## AQLM transformers integration example

**Install the `aqlm` library**
- The only extra dependency to run AQLM models.
- Add `[gpu]` to install the required CUDA specific dependencies.

In [None]:
%%capture
!pip install aqlm[gpu]>=1.0.1
!pip install accelerate>=0.27.0
!pip install transformers>=4.38.0

**Load the model as usual**

The tokenizer is just a normal `Mixtral` tokenizer.

In [None]:
from transformers import AutoTokenizer, AutoModelForCausalLM

quantized_model = AutoModelForCausalLM.from_pretrained(
    "ISTA-DASLab/Mixtral-8x7b-AQLM-2Bit-1x16-hf",
    torch_dtype="auto", device_map="auto", low_cpu_mem_usage=True,
)
tokenizer = AutoTokenizer.from_pretrained("ISTA-DASLab/Mixtral-8x7b-AQLM-2Bit-1x16-hf")

Do a few forward passes to load CUDA and automatically compile the kernels. It's done separately here for it not to affect the generation speed benchmark below.

In [None]:
%%capture
output = quantized_model.generate(tokenizer("", return_tensors="pt")["input_ids"].cuda(), max_new_tokens=10)

The attention mask and the pad token id were not set. As a consequence, you may observe unexpected behavior. Please pass your input's `attention_mask` to obtain reliable results.
Setting `pad_token_id` to `eos_token_id`:2 for open-end generation.


**Measure generation speed**

In [None]:
%%time
output = quantized_model.generate(tokenizer("I'm AQLM, ", return_tensors="pt")["input_ids"].cuda(), min_new_tokens=128, max_new_tokens=128)

The attention mask and the pad token id were not set. As a consequence, you may observe unexpected behavior. Please pass your input's `attention_mask` to obtain reliable results.
Setting `pad_token_id` to `eos_token_id`:2 for open-end generation.


CPU times: user 21.5 s, sys: 0 ns, total: 21.5 s
Wall time: 21.6 s


Note that `transformers` generation is not the fastest implementation and it's heavily influenced by CPU capabilities of _Google Colab_.

**Check that the output is what one would expect from Mixtral**

In [None]:
print(tokenizer.decode(output[0]))

<s> I'm AQLM, 20 years old, and I'm a student at the University of California, Berkeley. I'm a member of the Berkeley Student Union, and I'm a member of the Berkeley Student Union. I'm a member of the Berkeley Student Union. I'm a member of the Berkeley Student Union. I'm a member of the Berkeley Student Union. I'm a member of the Berkeley Student Union. I'm a member of the Berkeley Student Union.
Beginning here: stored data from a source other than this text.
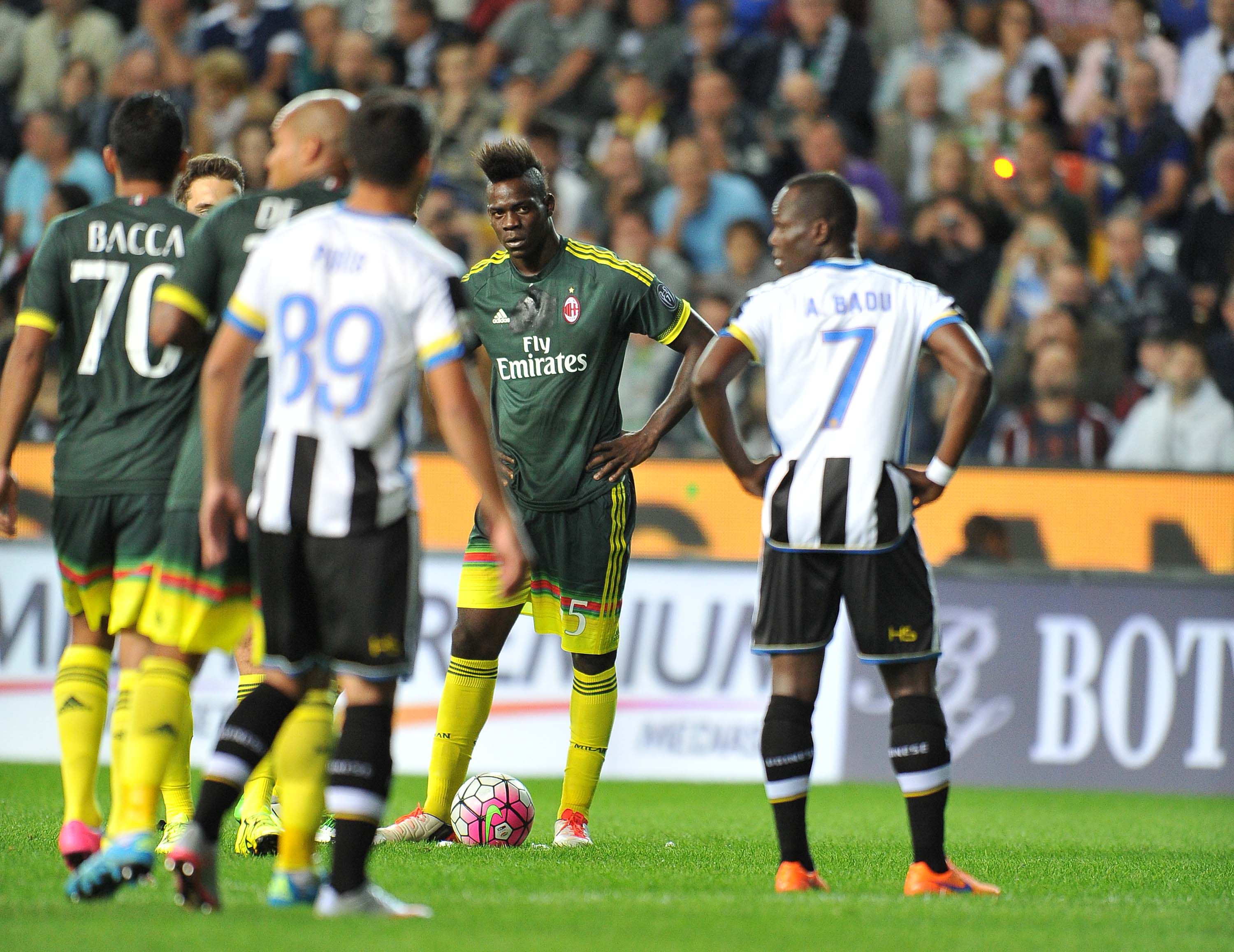 Nell'anticipo della 5a giornata di Serie A, il Milan batte 3-2 al Friuli l'Udinese e sale a 9 punti in classifica. Primo tempo perfetto dei rossoneri, che vanno al riposo sul 3-0. Al 5' apre Balotelli, alla prima da titolare, su punizione, al 10' raddoppia Bonaventura e nel recupero arriva anche la zuccata dell'ex Zapata. Nella ripresa Colantuono mette dentro Duvan Zapata che gira il match con l'assist a Badu (6') e il gol del 2-3 (13').
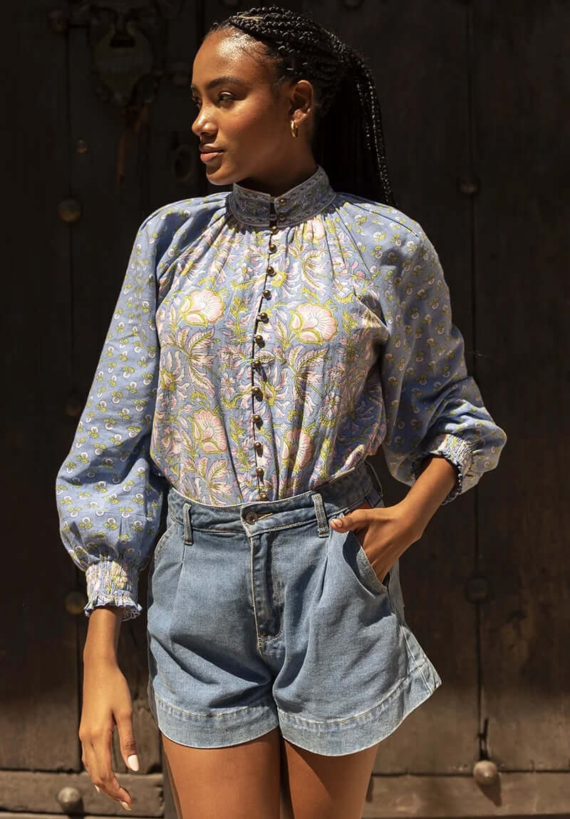 Look chic in the stylish Raquel Blouse in Blue by Resortwear designer Miss June.  In a soft blue print, this elegant beach shirt features a button down front with a flattering high neckline and wide balloon sleeves.   Available in one size fits most from size UK 8 – 14.
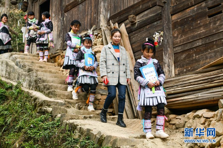 2月25日,在貴州省從江縣丙妹鎮(zhèn)大歹村,大歹小學(xué)的學(xué)生和老師蒙慧蓮(右二)在家訪途中。新華社記者 楊文斌 攝

I'm a member of the Berkeley Student Union. I'm a member of the Berkeley Student Union. I'm a member of the Berkeley Student


**Check peak memory usage**

In [None]:
import torch

print(f"Peak memory usage: {torch.cuda.max_memory_allocated()*1e-9:.2f} Gb")

Peak memory usage: 13.68 Gb


Indeed, it's ~2 bits per model weight.